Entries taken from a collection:
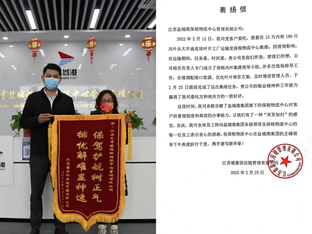 鹽城港保稅物流中心圍繞集團(tuán)黨委“經(jīng)營(yíng)興航年”“改革攻堅(jiān)年”部署要求,秉承“客戶至上,服務(wù)為本”的經(jīng)營(yíng)理念,不斷提升服務(wù)水平,提高專業(yè)素養(yǎng)。同時(shí),保稅物流中心為切實(shí)做好疫情防控工作,針對(duì)進(jìn)出貨物采取劃界作業(yè),裝卸專班人員區(qū)域內(nèi)作業(yè)等要求,真正做到了生產(chǎn)經(jīng)營(yíng)、疫情防控兩手抓、兩手硬、兩不誤。細(xì)致周到、高效便捷的服務(wù)也贏得了社會(huì)各界的廣泛贊譽(yù),部分客戶還特意送來了錦旗和感謝信以表達(dá)他們的感激之情。
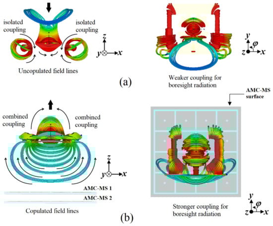 - In Figure 13a, the field’s current lines are uncopulated. The isolated loop formation of currents provides weaker coupling energy; hence, all near-field radiated waves do not participate in the coupling process.
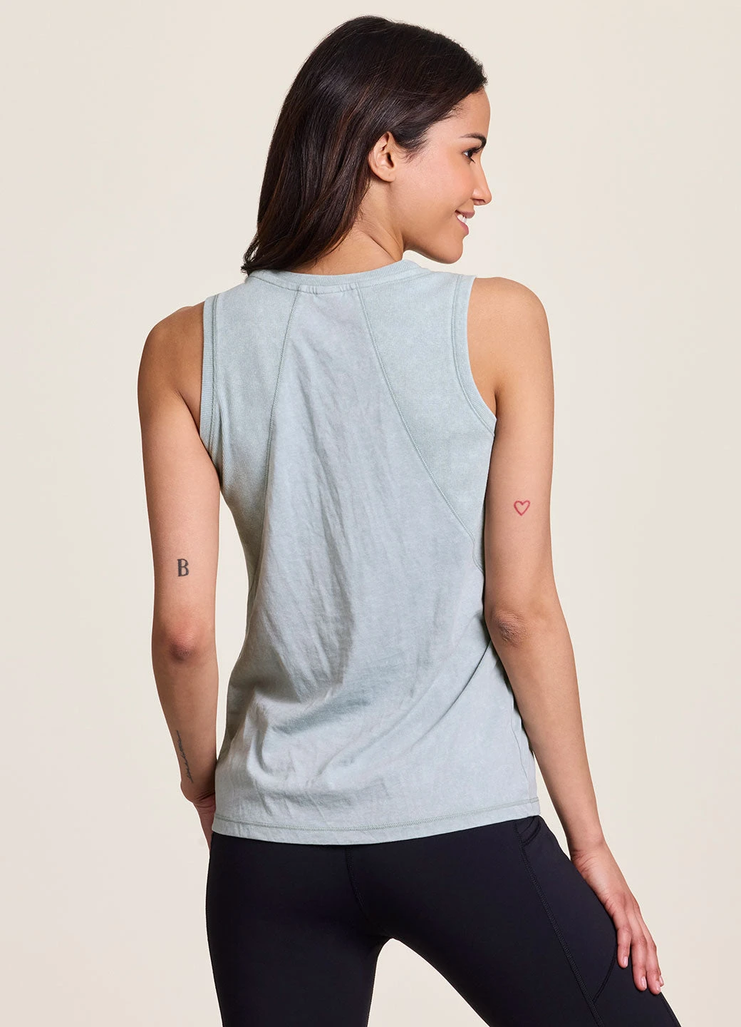 Made from a soft, lightweight cotton blend fabric with a stylish mineral washed effect, our Seascape Back Ribbed Tank effortlessly pairs with your sports bra at the gym or with your favorite denim jacket before heading out to brunch with friends. Finished with seaming detail plus ribbed trim and back panels for a sporty look, it’s the elevated crewneck tank top your athleisure wardrobe is missing.
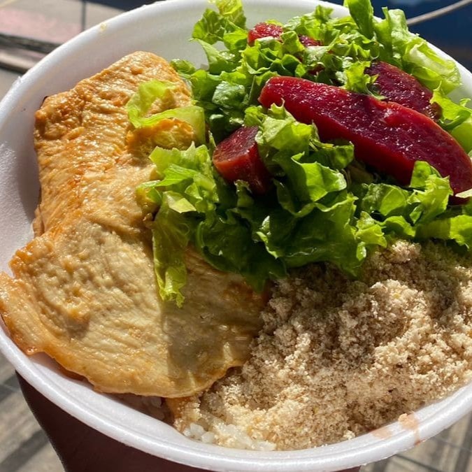 Filé de frango grelhado suculento acompanhado de arroz branco soltinho, feijão caseiro, macarrão e farofa. Escolha gratuitamente batata frita crocante ou salada de legumes frescos como acompanhamento. Também disponível purê de batata cremoso por apenas +R$2,00. Marmita bem servida preparada na hora.
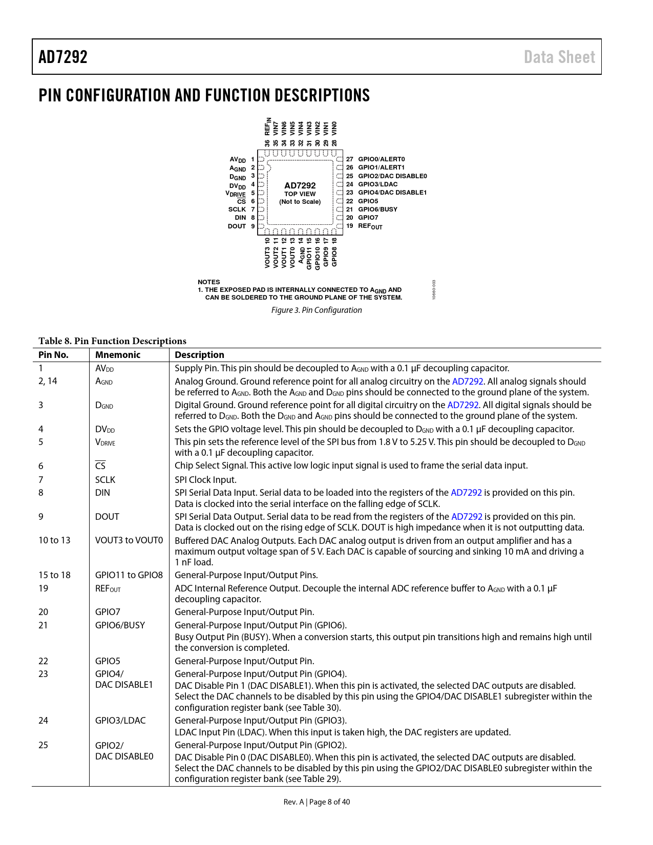 link to page 29 link to page 29 AD7292Data SheetPIN CONFIGURATION AND FUNCTION DESCRIPTIONSINF 7 6 5 4 3 2 1 0ININININININININREVVVVVVVV363534333231302928AV1DD27 GPIO0/ALERT0A2GND26 GPIO1/ALERT1D325 GPIO2/DAC DISABLE0GND4DV24 GPIO3/LDACDDAD7292V5DRIVE23 GPIO4/DAC DISABLE1TOP VIEWCS 6(Not to Scale)22 GPIO5SCLK 721 GPIO6/BUSYDIN 820 GPIO7DOUT 919 REFOUT1011121314151617183210D10TTTT11UUUUGNIO9IO8IOAIOVOVOVOVOGPGPGPGPNOTES -003 1. THE EXPOSED PAD IS INTERNALLY CONNECTED TO AGND AND CAN BE SOLDERED TO THE GROUND PLANE OF THE SYSTEM. 0660 1 Figure 3. Pin Configuration Table 8. Pin Function Descriptions Pin No.MnemonicDescription 1 AVDD Supply Pin. This pin should be decoupled to AGND with a 0.1 μF decoupling capacitor. 2, 14 AGND Analog Ground. Ground reference point for all analog circuitry on the AD7292. All analog signals should be referred to AGND. Both the AGND and DGND pins should be connected to the ground plane of the system. 3 DGND Digital Ground. Ground reference point for all digital circuitry on the AD7292. All digital signals should be referred to DGND. Both the DGND and AGND pins should be connected to the ground plane of the system. 4 DVDD Sets the GPIO voltage level. This pin should be decoupled to DGND with a 0.1 μF decoupling capacitor. 5 VDRIVE This pin sets the reference level of the SPI bus from 1.8 V to 5.25 V. This pin should be decoupled to DGND with a 0.1 μF decoupling capacitor. 6 CS Chip Select Signal. This active low logic input signal is used to frame the serial data input. 7 SCLK SPI Clock Input. 8 DIN SPI Serial Data Input. Serial data to be loaded into the registers of the AD7292 is provided on this pin. Data is clocked into the serial interface on the falling edge of SCLK. 9 DOUT SPI Serial Data Output. Serial data to be read from the registers of the AD7292 is provided on this pin. Data is clocked out on the rising edge of SCLK. DOUT is high impedance when it is not outputting data. 10 to 13 VOUT3 to VOUT0 Buffered DAC Analog Outputs. Each DAC analog output is driven from an output amplifier and has a maximum output voltage span of 5 V. Each DAC is capable of sourcing and sinking 10 mA and driving a 1 nF load. 15 to 18 GPIO11 to GPIO8 General-Purpose Input/Output Pins. 19 REFOUT ADC Internal Reference Output. Decouple the internal ADC reference buffer to AGND with a 0.1 μF decoupling capacitor. 20 GPIO7 General-Purpose Input/Output Pin. 21 GPIO6/BUSY General-Purpose Input/Output Pin (GPIO6). Busy Output Pin (BUSY). When a conversion starts, this output pin transitions high and remains high until the conversion is completed. 22 GPIO5 General-Purpose Input/Output Pin. 23 GPIO4/ General-Purpose Input/Output Pin (GPIO4). DAC DISABLE1 DAC Disable Pin 1 (DAC DISABLE1). When this pin is activated, the selected DAC outputs are disabled. Select the DAC channels to be disabled by this pin using the GPIO4/DAC DISABLE1 subregister within the configuration register bank (see Table 30). 24 GPIO3/LDAC General-Purpose Input/Output Pin (GPIO3). LDAC Input Pin (LDAC). When this input is taken high, the DAC registers are updated. 25 GPIO2/ General-Purpose Input/Output Pin (GPIO2). DAC DISABLE0 DAC Disable Pin 0 (DAC DISABLE0). When this pin is activated, the selected DAC outputs are disabled. Select the DAC channels to be disabled by this pin using the GPIO2/DAC DISABLE0 subregister within the configuration register bank (see Table 29). Rev. A | Page 8 of 40 Document Outline Features Applications Functional Block Diagram General Description Table of Contents Revision History Specifications ADC Specifications DAC Specifications General Specifications Temperature Sensor Specifications Timing Specifications Timing Diagram Absolute Maximum Ratings Thermal Resistance ESD Caution Pin Configuration and Function Descriptions Typical Performance Characteristics Theory of Operation Analog Inputs Single-Ended Mode Differential Mode ADC Transfer Functions Temperature Sensor DAC Operation Digital I/O Pins GPIO0/ALERT0 and GPIO1/ALERT1 Pins GPIO2/DAC DISABLE0 and GPIO4/DAC DISABLE1 Pins GPIO3/LDAC Pin GPIO6/BUSY Pin Serial Port Interface (SPI) Interface Protocol Register Structure Register Descriptions Vendor ID Register (Address 0x00) ADC Data Register (Address 0x01) ADC Sequence Register (Address 0x03) Configuration Register Bank (Address 0x05) Digital Output Driver Subregister (Address 0x01) Digital I/O Function Subregister (Address 0x02) General Subregister (Address 0x08) VIN RANGE0 and VIN RANGE1 Subregisters (Address 0x10 and Address 0x11) ADC Sampling Mode Subregister (Address 0x12) VIN Filter Subregister (Address 0x13) Conversion Delay Control Subregister (Address 0x14) VIN ALERT0 Routing and VIN ALERT1 Routing Subregisters (Address 0x15 and Address 0x16) Temperature Sensor Subregister (Address 0x20) Temperature Sensor Alert Routing Subregister (Address 0x21) GPIO2/DAC DISABLE0 and GPIO4/DAC DISABLE1 Subregisters (Address 0x30 and Address 0x31) Alert Limits Register Bank (Address 0x06) Alert High Limit and Alert Low Limit Subregisters Hysteresis Subregisters Alert Flags Register Bank (Address 0x07) ADC Alert Flags and TSENSE Alert Flags Subregisters (Address 0x00 and Address 0x02) Minimum and Maximum Register Bank (Address 0x08) Offset Register Bank (Address 0x09) DAC Buffer Enable Register (Address 0x0A) GPIO Register (Address 0x0B) Conversion Command Register (Address 0x0E) ADC Conversion Result Registers, VIN0 to VIN7 (Address 0x10 to Address 0x17) TSENSE Conversion Result Register (Address 0x20) DAC Channel Registers (Address 0x30 to Address 0x33) ADC Conversion Control ADC Conversion Command ADC Sequencer DAC Output Control LDAC Operation Simultaneous Update of All DAC Outputs Alerts and Limits Alert Limit Monitoring Features Hysteresis Hardware Alert Pins Alert Flag Bits in the Conversion Result Registers Alert Flags Register Bank Minimum and Maximum Conversion Results Outline Dimensions Ordering Guide

• [WHAT TO DO]: The response should hold only an exact retyping of the lines from the beginning of the data through the line containing "Filé de frango", both ends kept, pictures omitted.

• [RESULT OF THIS TASK]:
 鹽城港保稅物流中心圍繞集團(tuán)黨委“經(jīng)營(yíng)興航年”“改革攻堅(jiān)年”部署要求,秉承“客戶至上,服務(wù)為本”的經(jīng)營(yíng)理念,不斷提升服務(wù)水平,提高專業(yè)素養(yǎng)。同時(shí),保稅物流中心為切實(shí)做好疫情防控工作,針對(duì)進(jìn)出貨物采取劃界作業(yè),裝卸專班人員區(qū)域內(nèi)作業(yè)等要求,真正做到了生產(chǎn)經(jīng)營(yíng)、疫情防控兩手抓、兩手硬、兩不誤。細(xì)致周到、高效便捷的服務(wù)也贏得了社會(huì)各界的廣泛贊譽(yù),部分客戶還特意送來了錦旗和感謝信以表達(dá)他們的感激之情。
 - In Figure 13a, the field’s current lines are uncopulated. The isolated loop formation of currents provides weaker coupling energy; hence, all near-field radiated waves do not participate in the coupling process.
 Made from a soft, lightweight cotton blend fabric with a stylish mineral washed effect, our Seascape Back Ribbed Tank effortlessly pairs with your sports bra at the gym or with your favorite denim jacket before heading out to brunch with friends. Finished with seaming detail plus ribbed trim and back panels for a sporty look, it’s the elevated crewneck tank top your athleisure wardrobe is missing.
 Filé de frango grelhado suculento acompanhado de arroz branco soltinho, feijão caseiro, macarrão e farofa. Escolha gratuitamente batata frita crocante ou salada de legumes frescos como acompanhamento. Também disponível purê de batata cremoso por apenas +R$2,00. Marmita bem servida preparada na hora.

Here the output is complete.